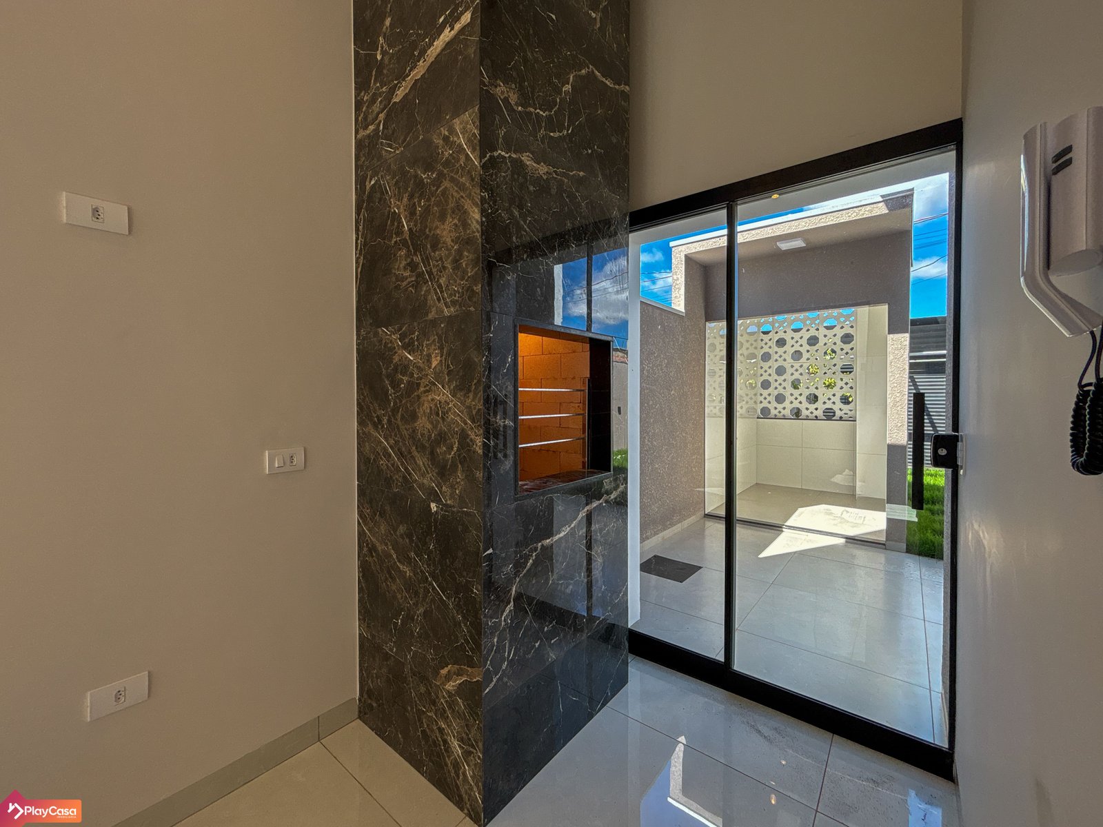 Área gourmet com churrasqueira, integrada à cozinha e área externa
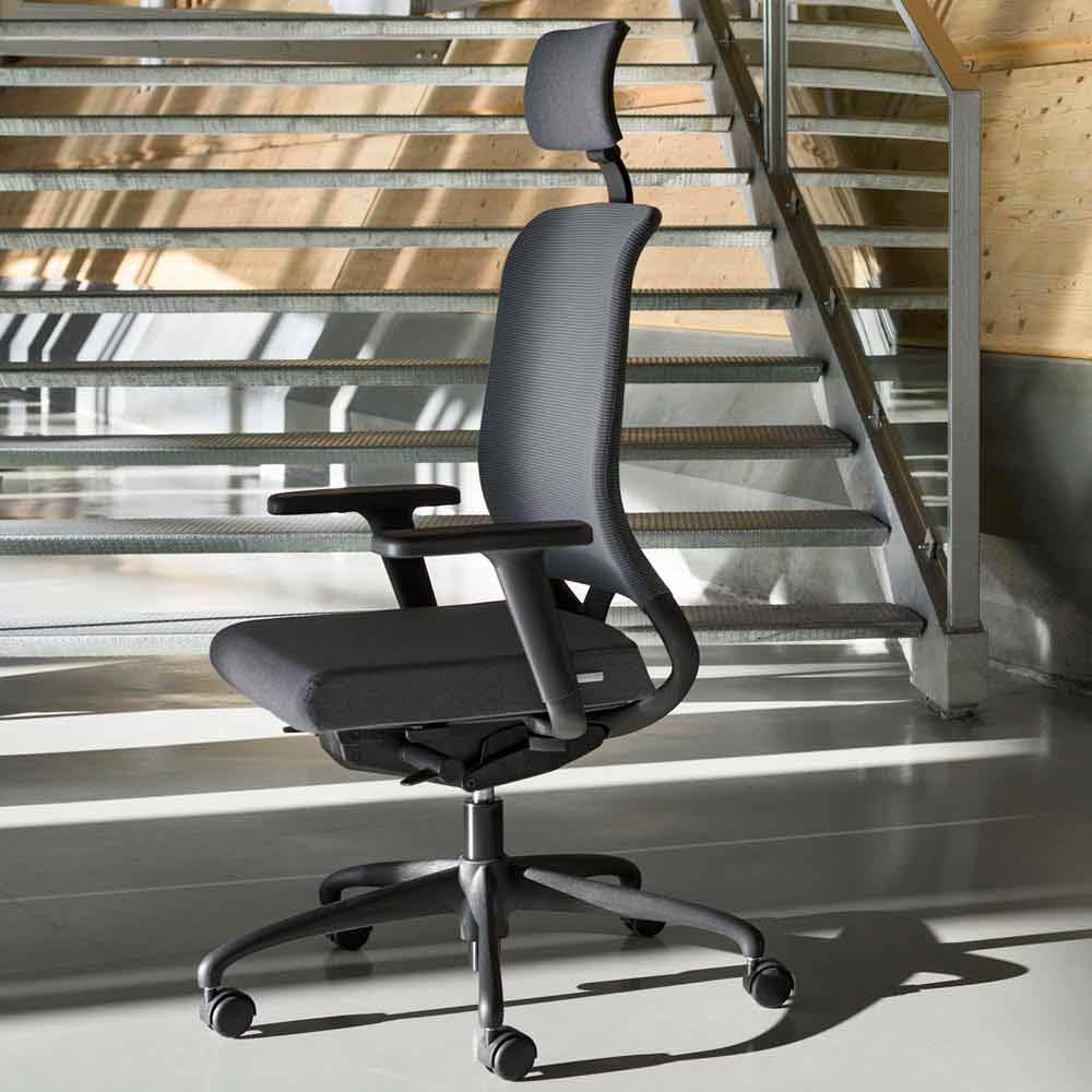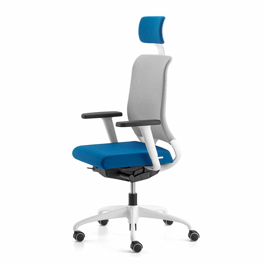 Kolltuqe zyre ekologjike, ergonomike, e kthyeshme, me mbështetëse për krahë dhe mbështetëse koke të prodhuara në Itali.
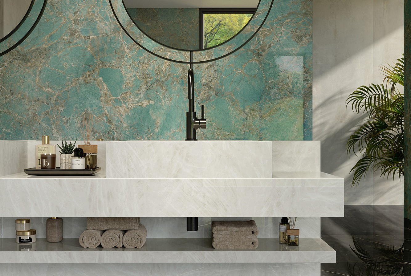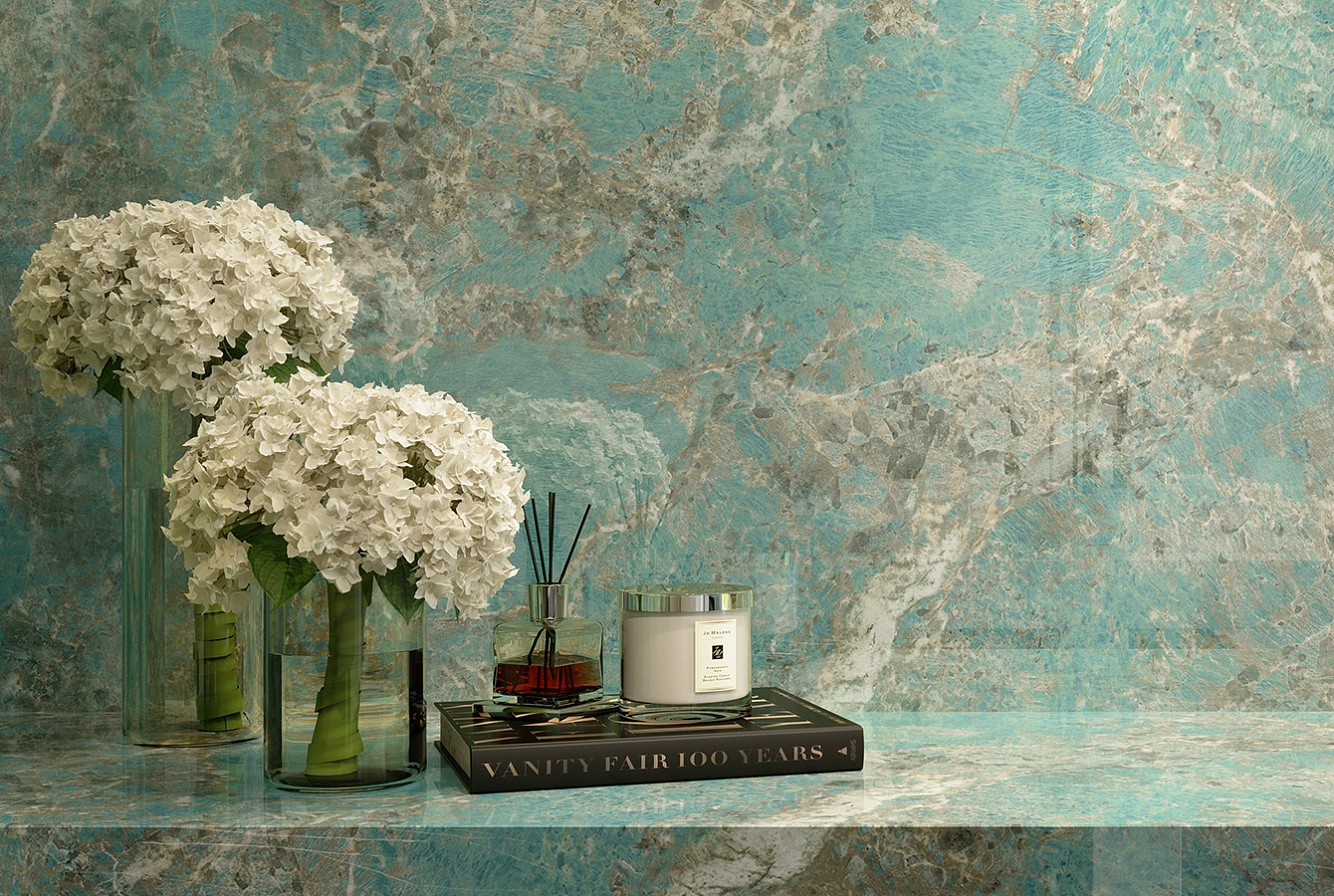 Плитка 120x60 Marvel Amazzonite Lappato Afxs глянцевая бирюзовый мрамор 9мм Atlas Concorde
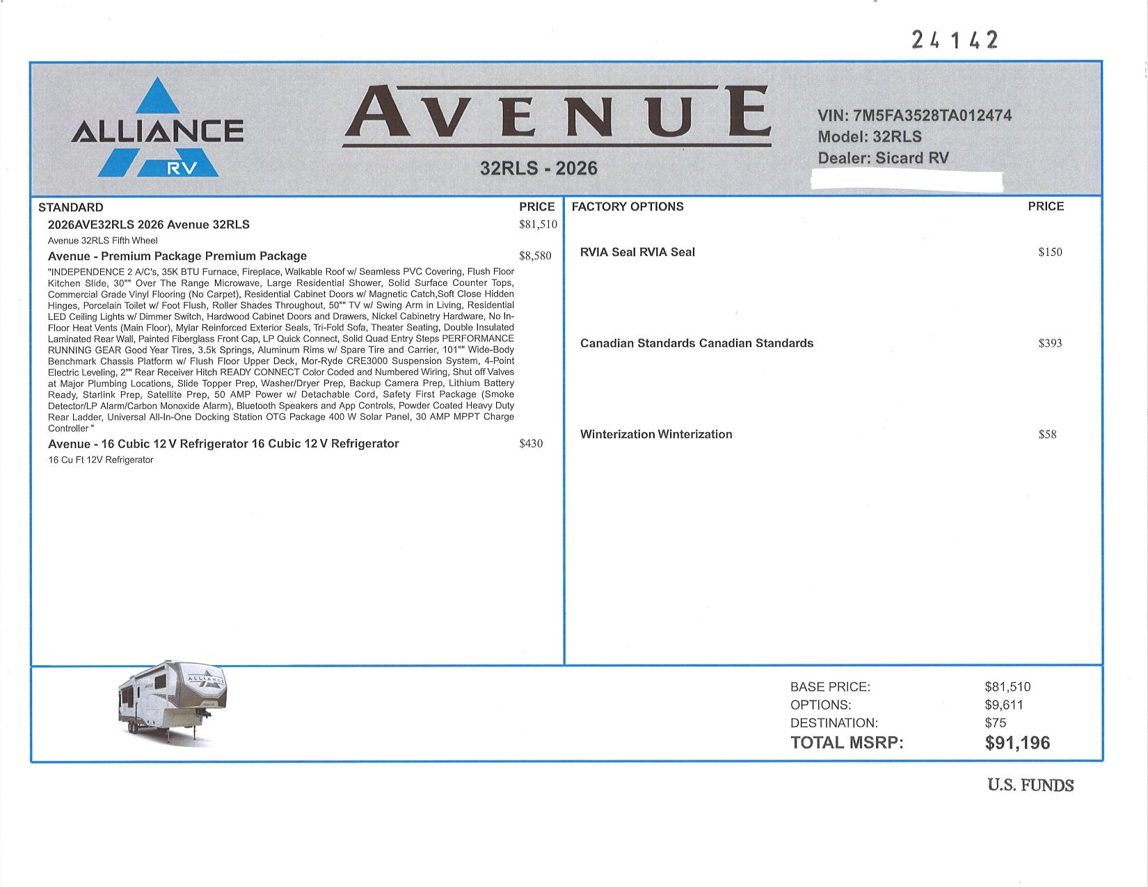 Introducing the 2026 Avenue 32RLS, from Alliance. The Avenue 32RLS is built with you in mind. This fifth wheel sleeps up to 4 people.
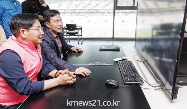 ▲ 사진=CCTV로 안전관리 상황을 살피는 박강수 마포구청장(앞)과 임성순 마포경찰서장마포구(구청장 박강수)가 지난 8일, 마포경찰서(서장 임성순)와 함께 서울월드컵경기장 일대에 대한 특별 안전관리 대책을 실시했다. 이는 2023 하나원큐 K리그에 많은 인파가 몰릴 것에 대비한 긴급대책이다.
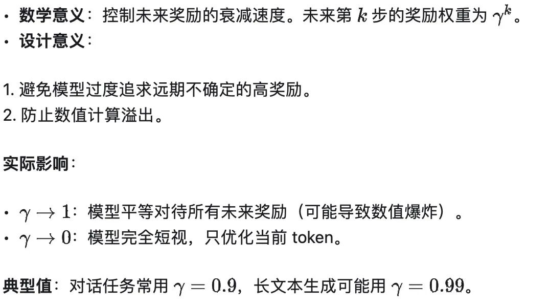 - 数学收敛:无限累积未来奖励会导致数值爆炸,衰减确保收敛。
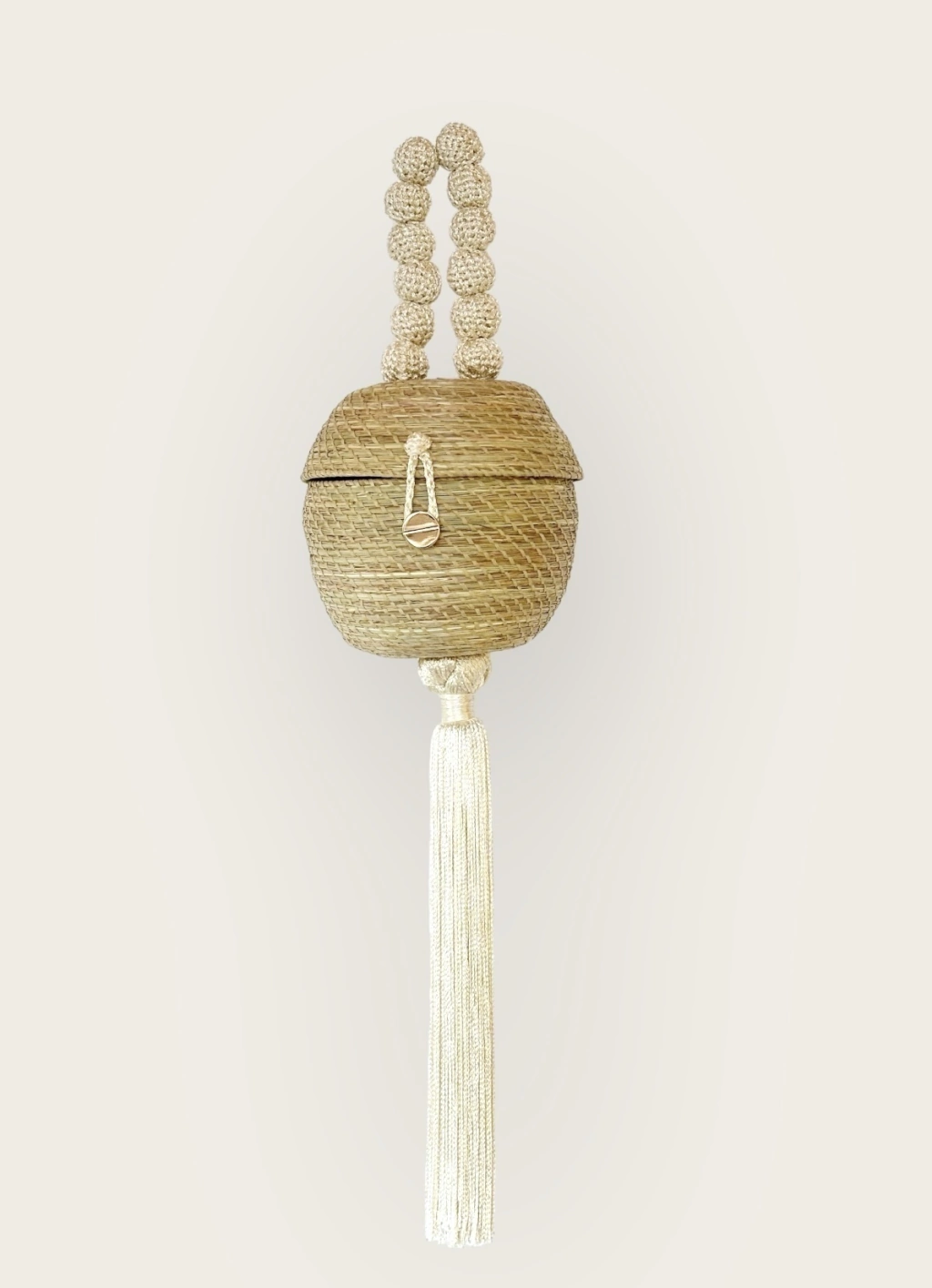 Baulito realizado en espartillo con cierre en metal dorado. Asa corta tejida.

Problem requirements:
Starting with the line that contains "Плитка 120x60 Marvel" and ending with the last line of the data above, transcribe exactly those lines and no others, without pictures.

Result of this exercise:
 Плитка 120x60 Marvel Amazzonite Lappato Afxs глянцевая бирюзовый мрамор 9мм Atlas Concorde
 Introducing the 2026 Avenue 32RLS, from Alliance. The Avenue 32RLS is built with you in mind. This fifth wheel sleeps up to 4 people.
 ▲ 사진=CCTV로 안전관리 상황을 살피는 박강수 마포구청장(앞)과 임성순 마포경찰서장마포구(구청장 박강수)가 지난 8일, 마포경찰서(서장 임성순)와 함께 서울월드컵경기장 일대에 대한 특별 안전관리 대책을 실시했다. 이는 2023 하나원큐 K리그에 많은 인파가 몰릴 것에 대비한 긴급대책이다.
 - 数学收敛:无限累积未来奖励会导致数值爆炸,衰减确保收敛。
 Baulito realizado en espartillo con cierre en metal dorado. Asa corta tejida.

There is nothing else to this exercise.